▸ **Provided data**
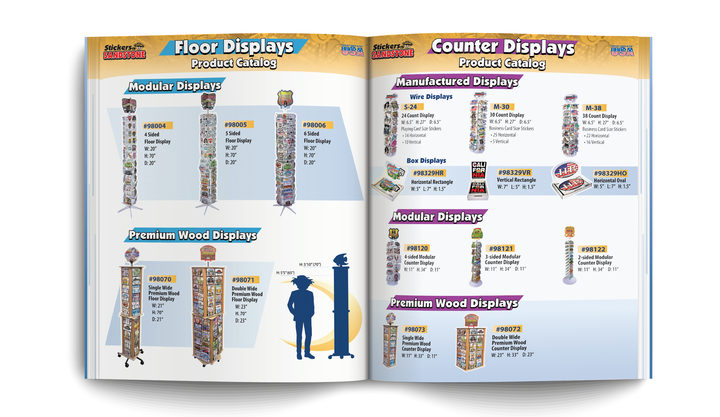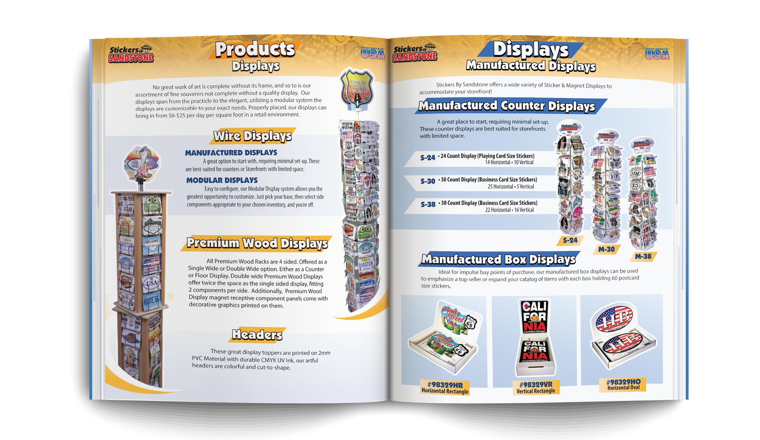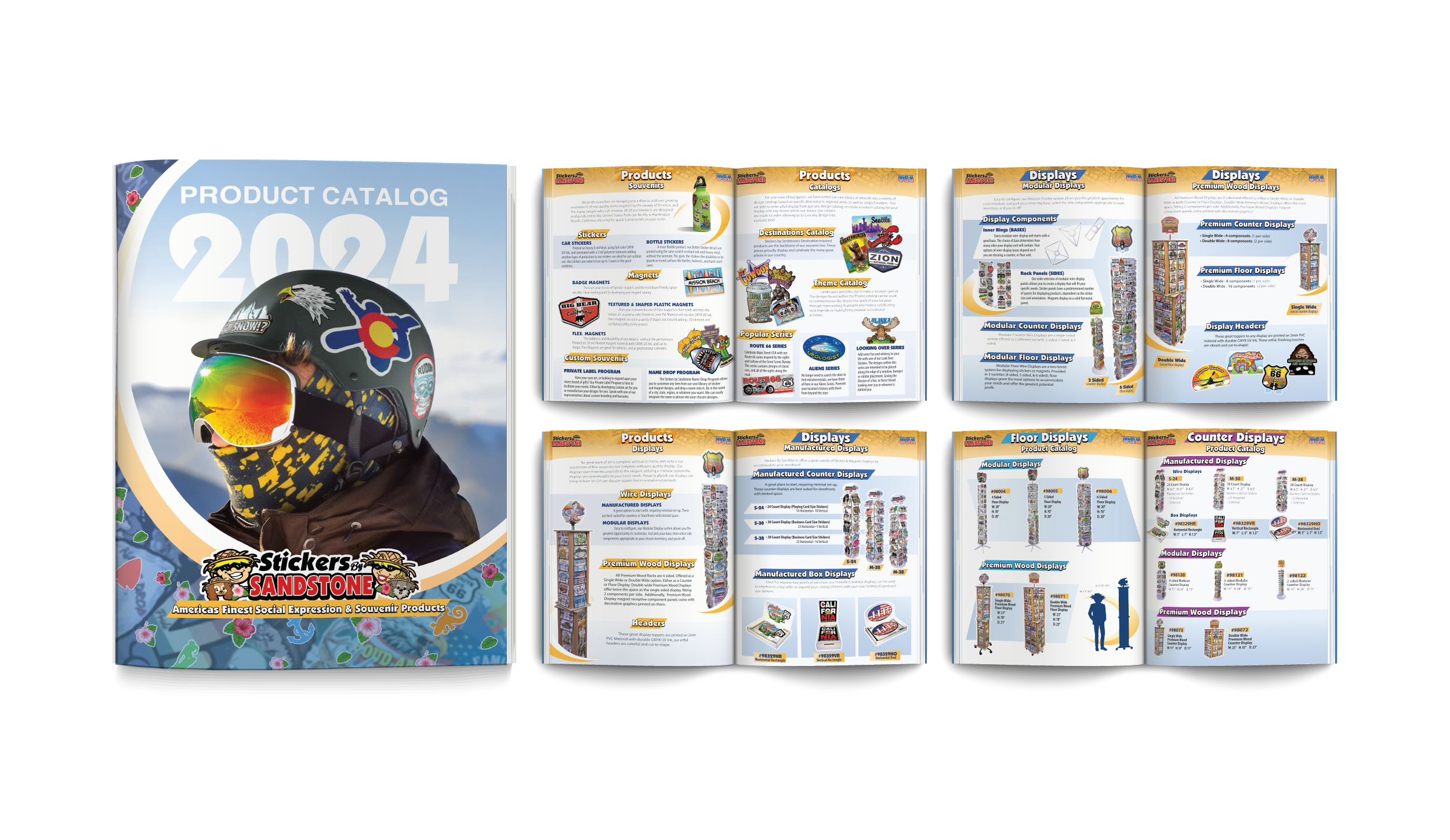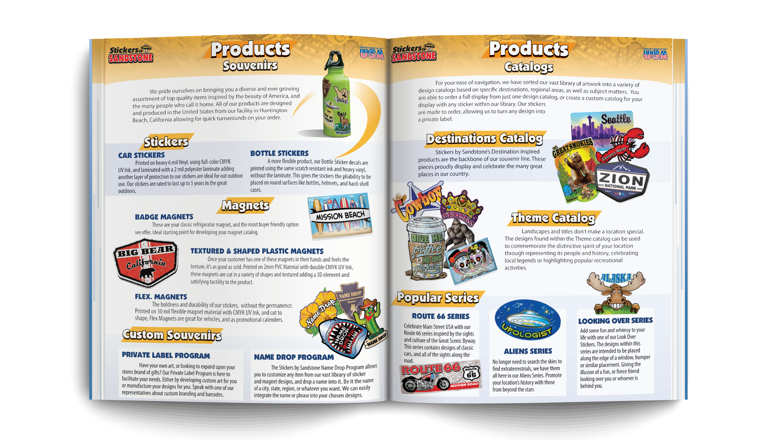 A product catalog for Stickers By Sandstone, designed with the capacity in mind for each page or section to serve as an individual flyer or sale sheet when needed.
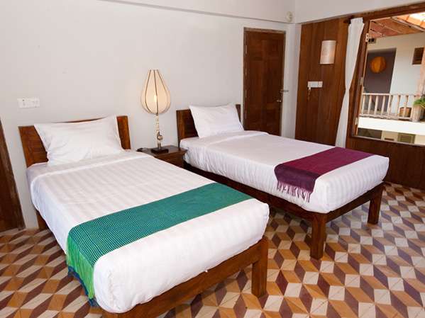 Located on the first floor of the main building, the four Suite Rooms, including private bathrooms feature antique Khmer king-size beds and large balconies furnished with tables, chairs, and removable hammocks. These rooms offer a spacious and serene environment, ideal for guests seeking a tranquil retreat.
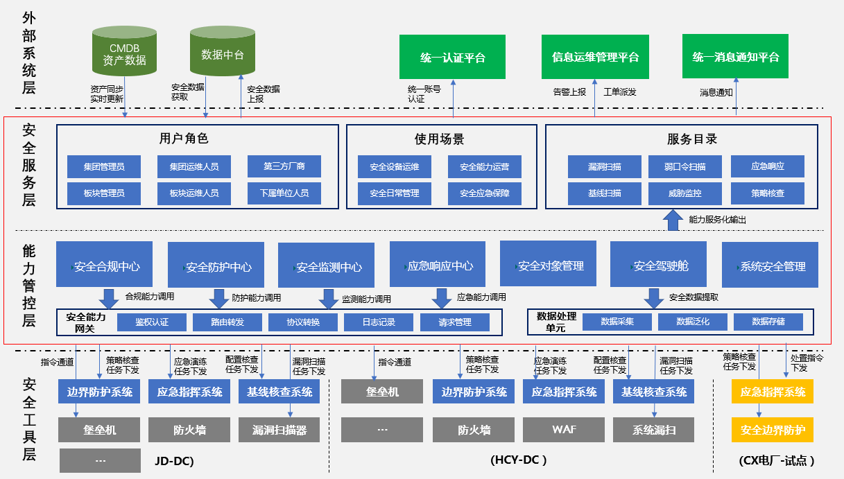 本期方案總體架構分為四層,自下而上分別為安全工具層、能力管控層、安全服務層、外部系統層

▸ **Exercise**
Repeat the listing above exactly, omitting the pictures it contains.

▸ **Solution**
 A product catalog for Stickers By Sandstone, designed with the capacity in mind for each page or section to serve as an individual flyer or sale sheet when needed.
 Located on the first floor of the main building, the four Suite Rooms, including private bathrooms feature antique Khmer king-size beds and large balconies furnished with tables, chairs, and removable hammocks. These rooms offer a spacious and serene environment, ideal for guests seeking a tranquil retreat.
 本期方案總體架構分為四層,自下而上分別為安全工具層、能力管控層、安全服務層、外部系統層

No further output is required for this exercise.